SimpleKPI Icon By Stuart Kinsey

12 Minute Read
KPI dashboard examples on multiple screens, showing charts and scorecards for sales, operations, and marketing.

If your spreadsheets are starting to feel like they’re held together with duct tape, or you’re simply juggling more KPIs than you can handle, you’re in the right place.

I’ve pulled together 8 genuinely useful KPI dashboard tools so you can quickly spot what fits how you work without digging through endless “all-in-one” BI platforms. This rundown stays focused on one thing: how well each option helps you design, visualize, and use KPI dashboards.

Some of these tools are built specifically for KPIs, with tracking and analytics baked in, while others are lighter, visual-first layers that slot neatly on top of the data you already have.

Each comes with its own strengths and compromises, so the aim here is to help you match the tool to your workflow.

In this guide:

  1. SimpleKPI
  2. Klipfolio
  3. Geckoboard
  4. Plecto
  5. Databox
  6. Tableau
  7. Sisense
  8. Scoro
  9. 2026 KPI dashboard comparison table

SimpleKPI

SimpleKPI does exactly what it says on the tin.​

It wraps up everything you need—integrations, manual entry, and analytics—into one simple dedicated KPI software package that actually makes sense.​

Instead of juggling five different tools just to track one department, you get a clean workspace with over 40 chart types to visualize what’s really happening.​

But what I really appreciate here is the learning curve—or rather, the lack of one. You don’t need a degree in data science to figure this out. It’s designed to be intuitive, so you can get set up and start tracking in minutes, slashing the time it usually takes to get a team on board.​

SimpleKPI dashboard showing multiple KPI charts and reports on one screen
Figure 1: SimpleKPI dashboard combining scorecards, charts, and reports in a single view.
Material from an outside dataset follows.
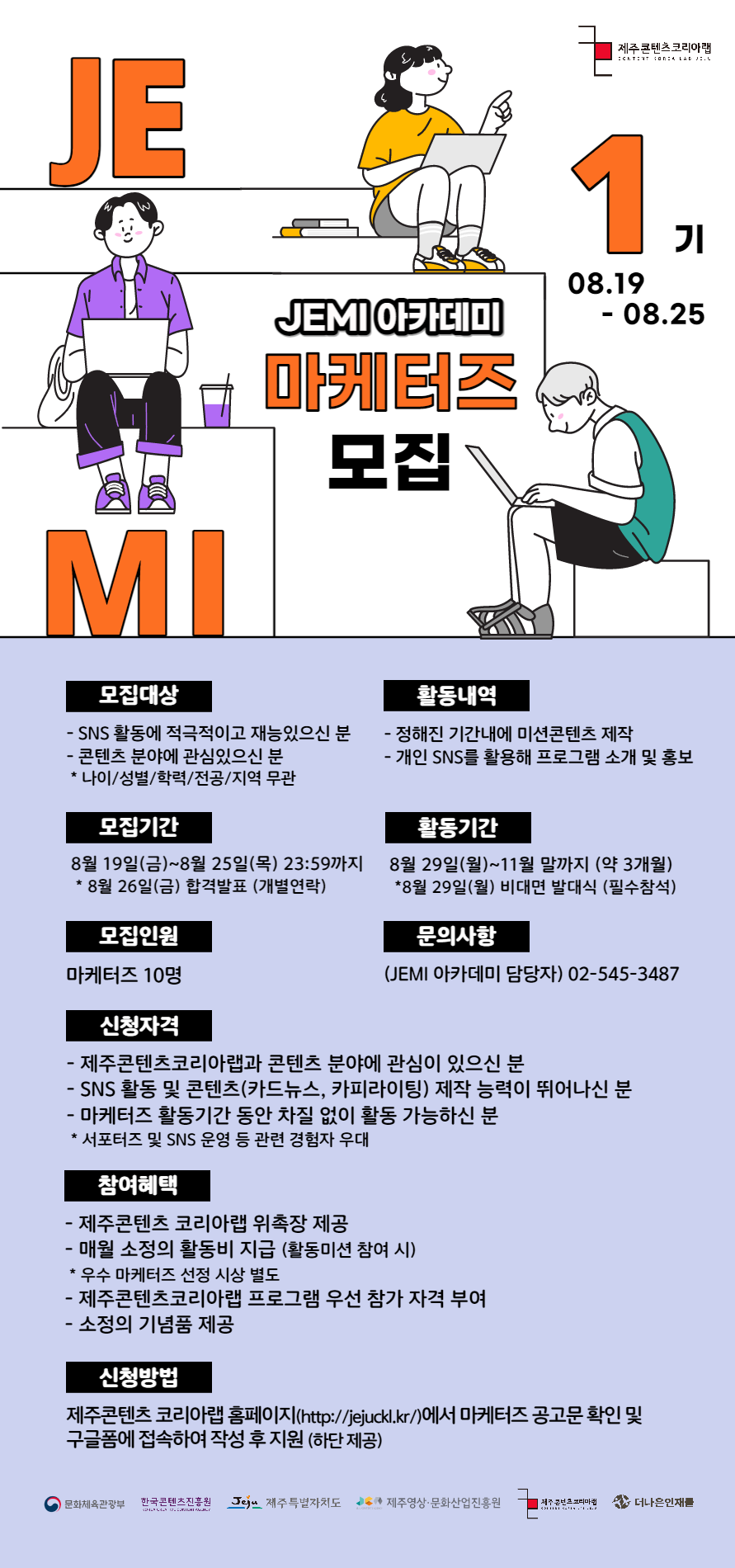 JEMI마케터즈 지원서 작성하러 가기 >> https://docs.google.com/forms/d/e/1FAIpQLSei1dCtKnljYFm9zu_MiXtERQw-E4KidhztqpMSf0y7Z0isDA/viewform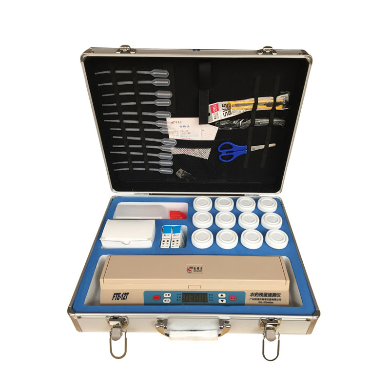便携式农药残留速测仪是根据国家标准方法GB/T5009.199-2003《蔬菜中有机磷和氨基甲酸酯类农药残留量的快速检测》中的速测卡法(纸片法)而专门设计的仪器。主要用于果、蔬、茶、粮食、水及土壤中有机磷和氨基甲酸酯类农药的快速检测,特别适用于农产品质量检测站的快速检测;果蔬生产基地和专业户采摘前田间地头检测;农贸批发销售市场现场检测;酒楼、食堂、家庭果蔬、茶加工前的安全检测。

It takes those complex, messy spreadsheets and turns them into real-time visuals without the usual headache. Whether your data is sitting in Google Sheets, HubSpot, or you need to enter it manually, SimpleKPI pulls it all together.

Key details

  • Launched: 2012
  • Number of clients: 2,000+ organizations across industries
  • Notable clients: G4S, NHS, Merck
  • Pricing (approx.): Starter from $14/mo, Growth $49/mo (up to 5 users), Unlimited $99/mo with unlimited users and dashboards
  • Best for: Small to medium organizations or large departments wanting simple, flat-priced KPI dashboards without BI complexity
  • Free trial: 14 days.
  • Credit card required: Not for the trial.

Pros

  • Clean, intuitive interface with drag-and-drop dashboard building.
  • 40+ KPI-focused chart types and drill-down capabilities.
  • Flexible data entry: APIs, spreadsheets, Google Sheets, Zapier, HubSpot CRM, and manual entry.
  • No per-user fees on higher tiers, ideal for wider rollout.

Cons

  • No heavy-duty data modeling compared with expensive enterprise BI tools.
  • Native forecasting is lighter than in larger analytics platforms.

Tip: If you’re moving from spreadsheets, start by importing a single department (like sales) into SimpleKPI and recreating your most-used report as a dashboard. Once the team is comfortable and you’ve validated the numbers, you can gradually add more KPIs and departments without overwhelming users.

Explore SimpleKPI or jump straight to the pricing page.

Klipfolio

Klipfolio is what you grab when you need to pull data from everywhere at once.​

It hooks into over 130 different services—spreadsheets, CRMs, analytics tools—and feeds them straight into live dashboards.​

Klipfolio dashboard with multiple widgets visualizing KPIs from different data sources
Figure 2: Klipfolio dashboard blending marketing, sales, and web analytics in customizable widgets.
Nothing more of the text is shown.